> _Exercise brief_: A faithful copy of the data is what is wanted, minus any pictures.

(Dataset Opens)

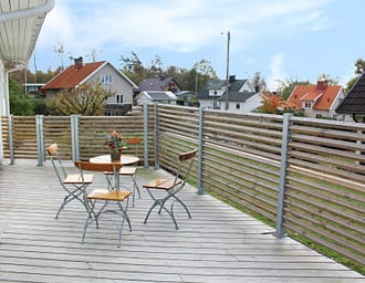 - Till sist trycks en stolphatt fast inuti stolpen för ett stilrent avslut. Önskas en överliggare används ett överliggarfäste.
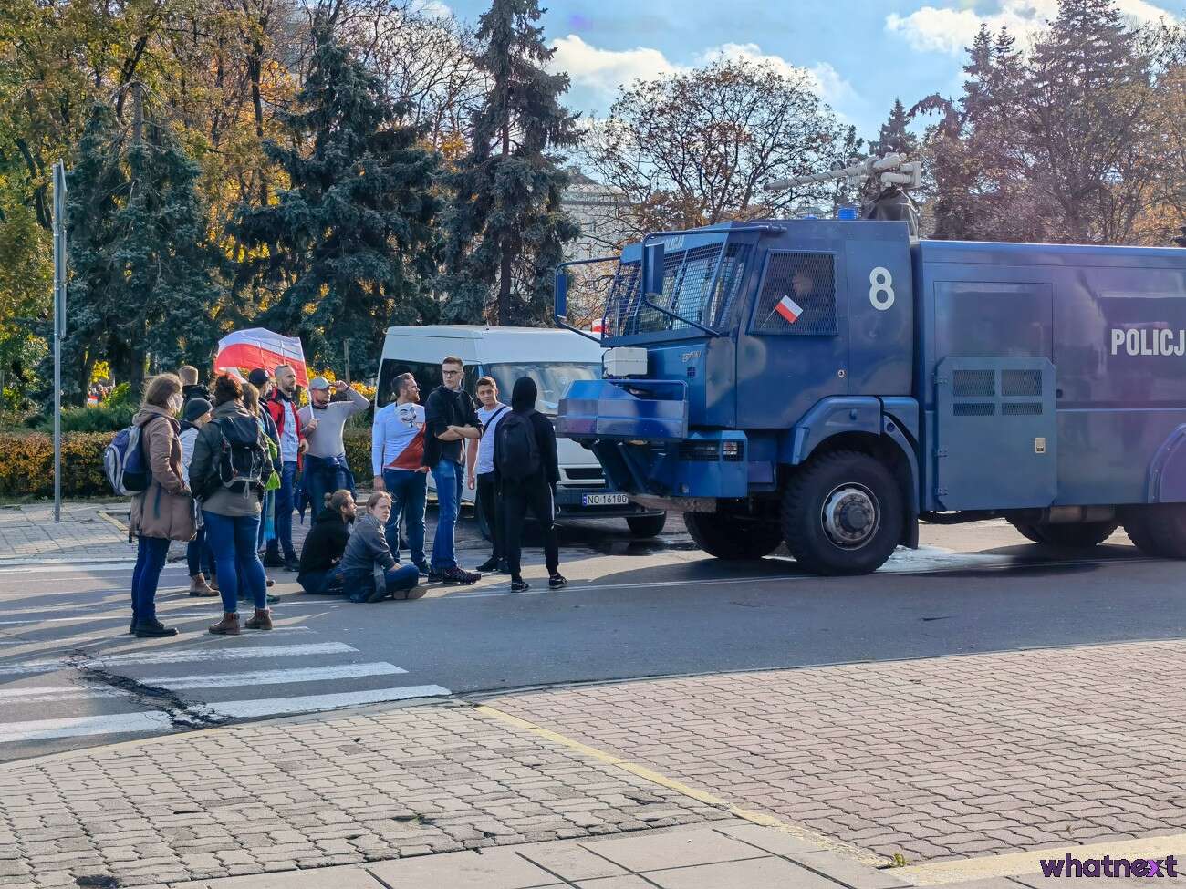 Liczba funkcjonariuszy zebranych wokół protestujących przekracza wszelkie pojęcie. Spróbuję Wam to zobrazować. Cały Plac Defilad otoczony przez policyjne furgonetki. Kolejne ustawione wzdłuż Pałacu Kultury w stronę Dworca Centralnego, na prawie całej długości Marszałkowskiej wzdłuż PKiN oraz kolejne od Al. Jerozolimskich. Nie wspominając już o tych, które na bieżąco dojeżdżały i krążyły za grupami protestujących. Kiedy zaczęło robić się gorąco, pojawiły się też dwie armatki wodne.
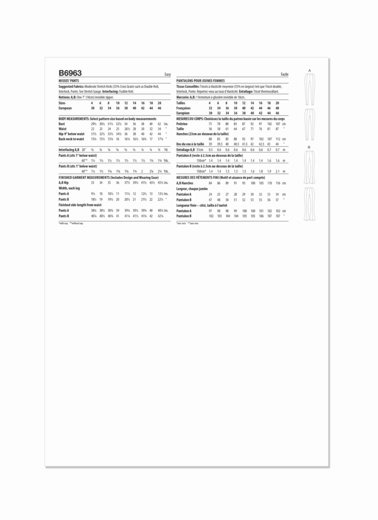 Die Anleitung ist klar aufgebaut und begleitet dich Schritt für Schritt. Wenn du bereits erste Näherfahrungen gesammelt hast, gelingt dir mit Butterick B6963 eine Hose, die sauber verarbeitet wirkt und lange Freude macht.
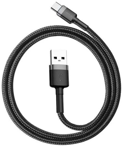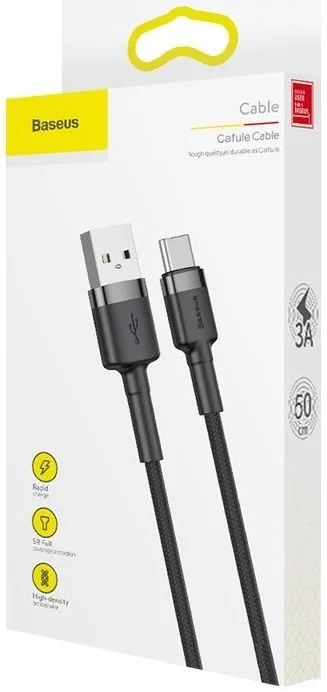 Baseus Cafule is a high quality USB Type C cable, designed for data transmission and device charging. The reinforced construction provides increased resistance to breaking (additional protection on the cable at the plug, and a thicker braided sleeving only available in the Cafule version). Additionally, materials reinforcing the structure of the plugs (e.g. aluminum) were used in the construction.
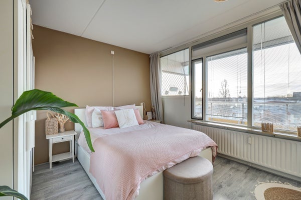 Dit ruime en moderne appartement is gelegen op de vierde verdieping van een verzorgd wooncomplex in de wijk Wolfsbos. Met een royale woonkamer die toegang biedt tot een zonnig balkon op het zuiden, geniet u van vrij uitzicht over de Valkenlaan. De halfopen keuken is uitgerust met inbouwapparatuur zoals een inductiekookplaat en een vaatwasser. Er is een ruime slaapkamer en een moderne badkamer met inloopdouche. Het appartement is volledig voorzien van dubbele beglazing en afgewerkt met een laminaatvloer. Binnen het complex zijn voorzieningen zoals een receptie, fitnessruimte en gezamenlijke fietsenstalling aanwezig. De locatie is ideaal, met nabijheid van de A28, winkelcentra en het centrum van Hoogeveen op fietsafstand. Het appartement heeft een woonoppervlakte van 62 m² en een berging van 5 m².
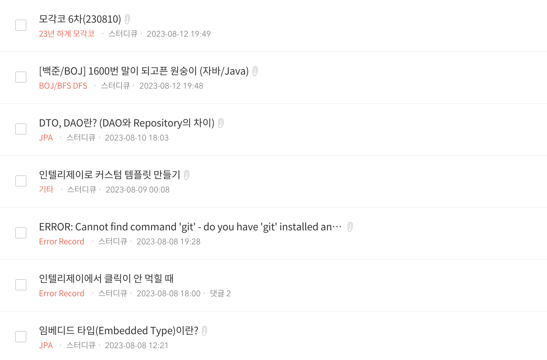 다음은 블로그 글 쓰기입니다. 현재 조금 더 진행한 JPA 부분을 다루는 글도 몇가지 작성하였습니다. 스프링 핵심원리에 대한 글은 이전에 노션에 기록하면서 다루었고, 다음주부터는 JPA에 관한 강의를 듣기 위해서 미리 예습한 글들을 작성하였습니다. 또한 진행 중인 프로젝트에서 생긴 오류나 알게된 사실을 다루는 글을 포스팅하였습니다.
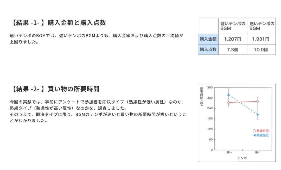 结果显示,快节奏 BGM 下的顾客,明显会比另一边的顾客更愿意花钱,而且买东西的数量也会更多,购物所需时间更短;而慢节奏则可以增加放松情绪,具体要选择哪种配乐,仍然要根据店铺的业务状态来使用。
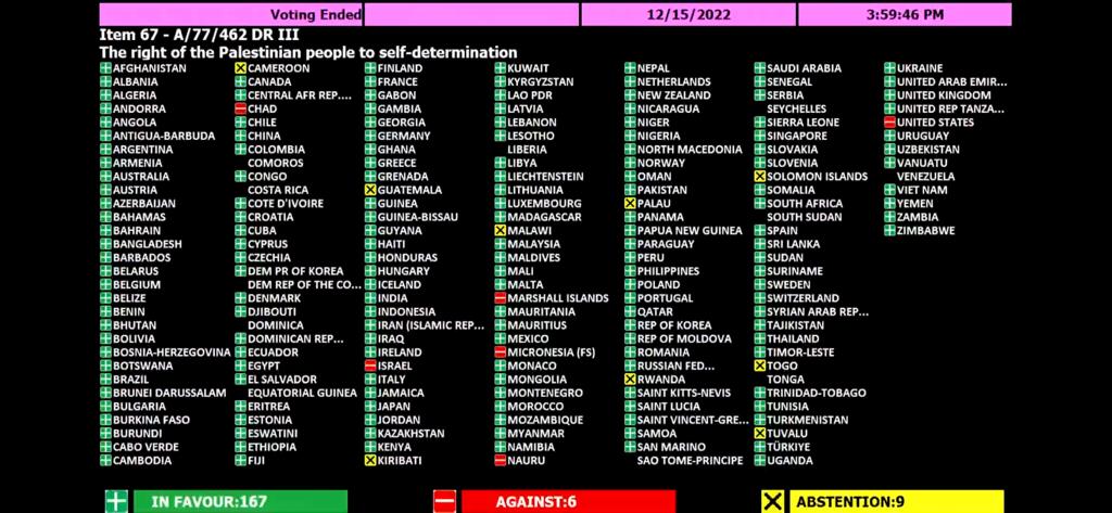 اعتمدت الجمعية العامة للأمم المتحدة، بأغلبية ساحقا، مساء أمس، قرار حق الشعب الفلسطيني في تقرير مصيره.
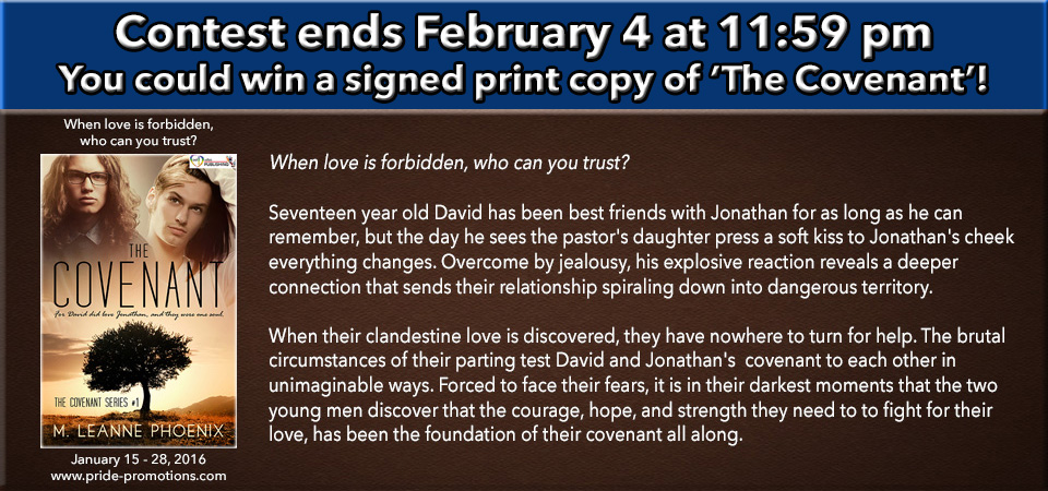 Enter to win a Rafflecopter Prize: A signed print copy of ‘The Covenant’. Must be 18 years of age or older to enter. Link and prize provided by the author and Pride Promotions.
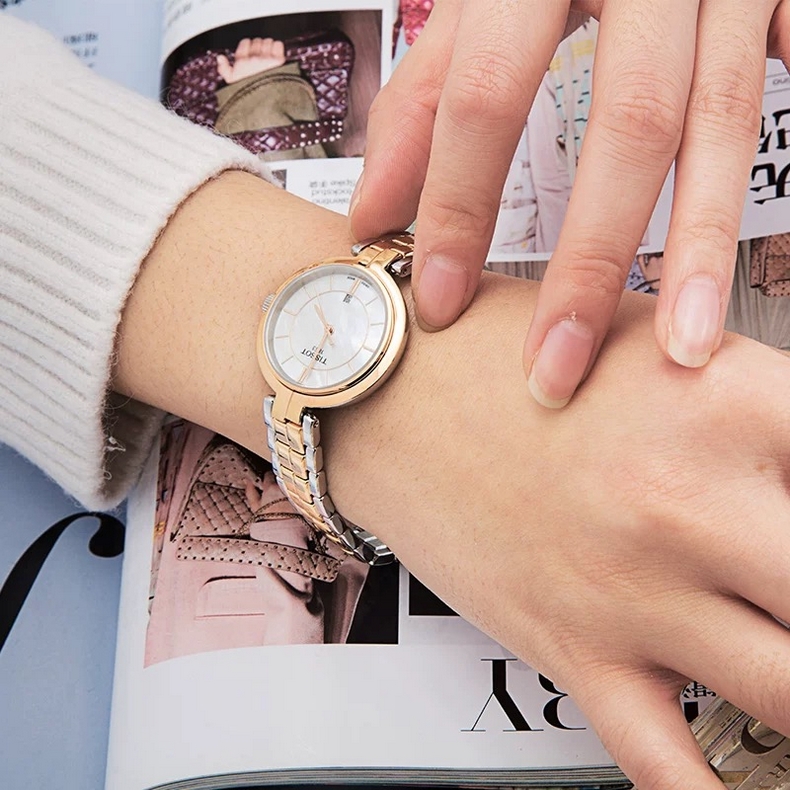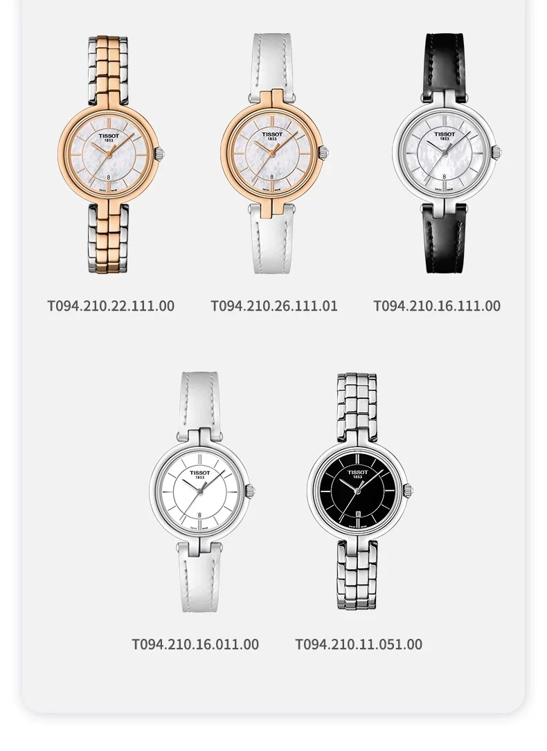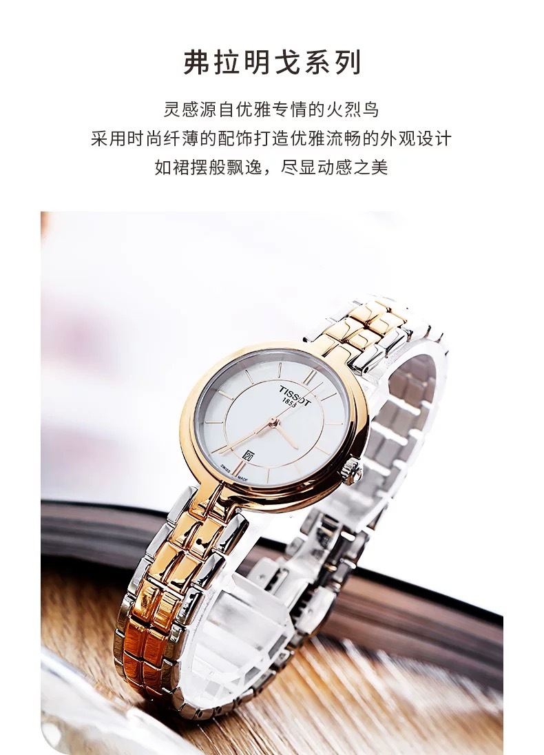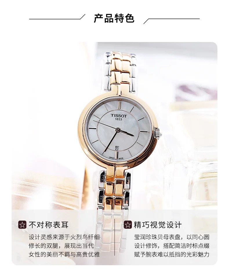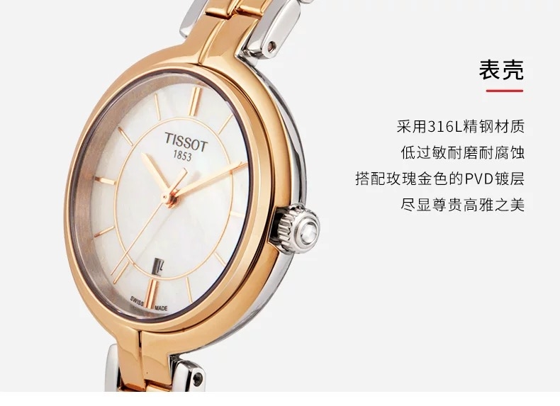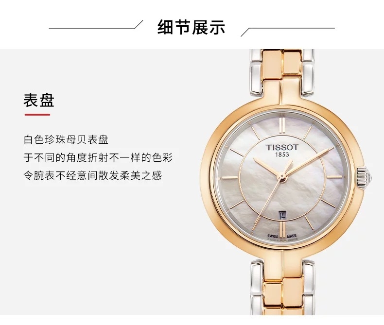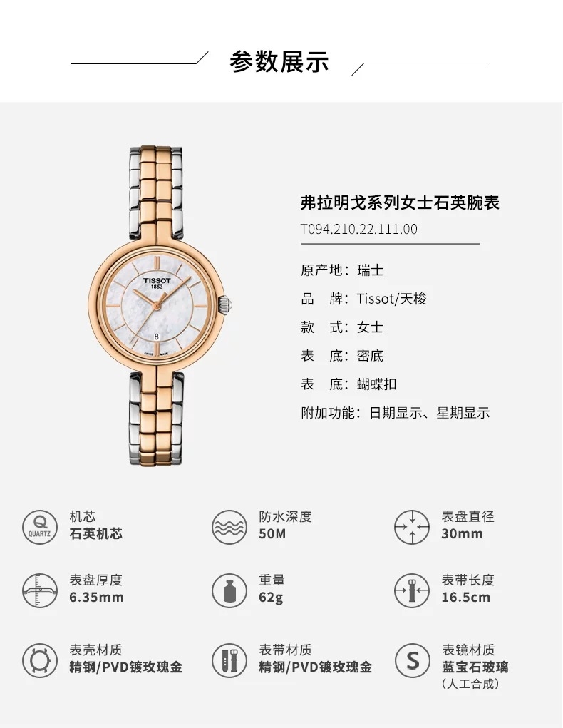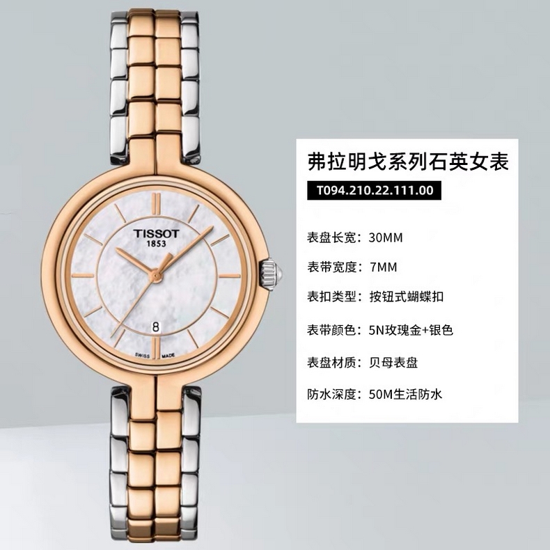 【品牌】天梭【产品介绍】原单专柜天梭最经典款式!天梭钢带款式!天梭t094系列石英腕表!佛拉明戈系列女士石英腕表!原装进口(F03.111-6H)瑞士机芯!非市面上朗达机芯。蓝宝石精钢表带!三针计时带日历!贝母表盘!生活防水!【款式】女款【尺寸】直径30mm【表带】精钢表带【镜面】蓝宝石镜面【机芯】瑞士F03.111机芯【防水】50米【配件】原装盒,说明书,质保卡,吊牌,香港机打发票【品质检测】保证所有手表实物拍摄,所见即所得 , 手表发货前都会有严格检查测试,确保您收到的手表无质量问题

(Dataset Closes)

> _Answer for the task_:
 - Till sist trycks en stolphatt fast inuti stolpen för ett stilrent avslut. Önskas en överliggare används ett överliggarfäste.
 Liczba funkcjonariuszy zebranych wokół protestujących przekracza wszelkie pojęcie. Spróbuję Wam to zobrazować. Cały Plac Defilad otoczony przez policyjne furgonetki. Kolejne ustawione wzdłuż Pałacu Kultury w stronę Dworca Centralnego, na prawie całej długości Marszałkowskiej wzdłuż PKiN oraz kolejne od Al. Jerozolimskich. Nie wspominając już o tych, które na bieżąco dojeżdżały i krążyły za grupami protestujących. Kiedy zaczęło robić się gorąco, pojawiły się też dwie armatki wodne.
 Die Anleitung ist klar aufgebaut und begleitet dich Schritt für Schritt. Wenn du bereits erste Näherfahrungen gesammelt hast, gelingt dir mit Butterick B6963 eine Hose, die sauber verarbeitet wirkt und lange Freude macht.
 Baseus Cafule is a high quality USB Type C cable, designed for data transmission and device charging. The reinforced construction provides increased resistance to breaking (additional protection on the cable at the plug, and a thicker braided sleeving only available in the Cafule version). Additionally, materials reinforcing the structure of the plugs (e.g. aluminum) were used in the construction.
 Dit ruime en moderne appartement is gelegen op de vierde verdieping van een verzorgd wooncomplex in de wijk Wolfsbos. Met een royale woonkamer die toegang biedt tot een zonnig balkon op het zuiden, geniet u van vrij uitzicht over de Valkenlaan. De halfopen keuken is uitgerust met inbouwapparatuur zoals een inductiekookplaat en een vaatwasser. Er is een ruime slaapkamer en een moderne badkamer met inloopdouche. Het appartement is volledig voorzien van dubbele beglazing en afgewerkt met een laminaatvloer. Binnen het complex zijn voorzieningen zoals een receptie, fitnessruimte en gezamenlijke fietsenstalling aanwezig. De locatie is ideaal, met nabijheid van de A28, winkelcentra en het centrum van Hoogeveen op fietsafstand. Het appartement heeft een woonoppervlakte van 62 m² en een berging van 5 m².
 다음은 블로그 글 쓰기입니다. 현재 조금 더 진행한 JPA 부분을 다루는 글도 몇가지 작성하였습니다. 스프링 핵심원리에 대한 글은 이전에 노션에 기록하면서 다루었고, 다음주부터는 JPA에 관한 강의를 듣기 위해서 미리 예습한 글들을 작성하였습니다. 또한 진행 중인 프로젝트에서 생긴 오류나 알게된 사실을 다루는 글을 포스팅하였습니다.
 结果显示,快节奏 BGM 下的顾客,明显会比另一边的顾客更愿意花钱,而且买东西的数量也会更多,购物所需时间更短;而慢节奏则可以增加放松情绪,具体要选择哪种配乐,仍然要根据店铺的业务状态来使用。
 اعتمدت الجمعية العامة للأمم المتحدة، بأغلبية ساحقا، مساء أمس، قرار حق الشعب الفلسطيني في تقرير مصيره.
 Enter to win a Rafflecopter Prize: A signed print copy of ‘The Covenant’. Must be 18 years of age or older to enter. Link and prize provided by the author and Pride Promotions.
 【品牌】天梭【产品介绍】原单专柜天梭最经典款式!天梭钢带款式!天梭t094系列石英腕表!佛拉明戈系列女士石英腕表!原装进口(F03.111-6H)瑞士机芯!非市面上朗达机芯。蓝宝石精钢表带!三针计时带日历!贝母表盘!生活防水!【款式】女款【尺寸】直径30mm【表带】精钢表带【镜面】蓝宝石镜面【机芯】瑞士F03.111机芯【防水】50米【配件】原装盒,说明书,质保卡,吊牌,香港机打发票【品质检测】保证所有手表实物拍摄,所见即所得 , 手表发货前都会有严格检查测试,确保您收到的手表无质量问题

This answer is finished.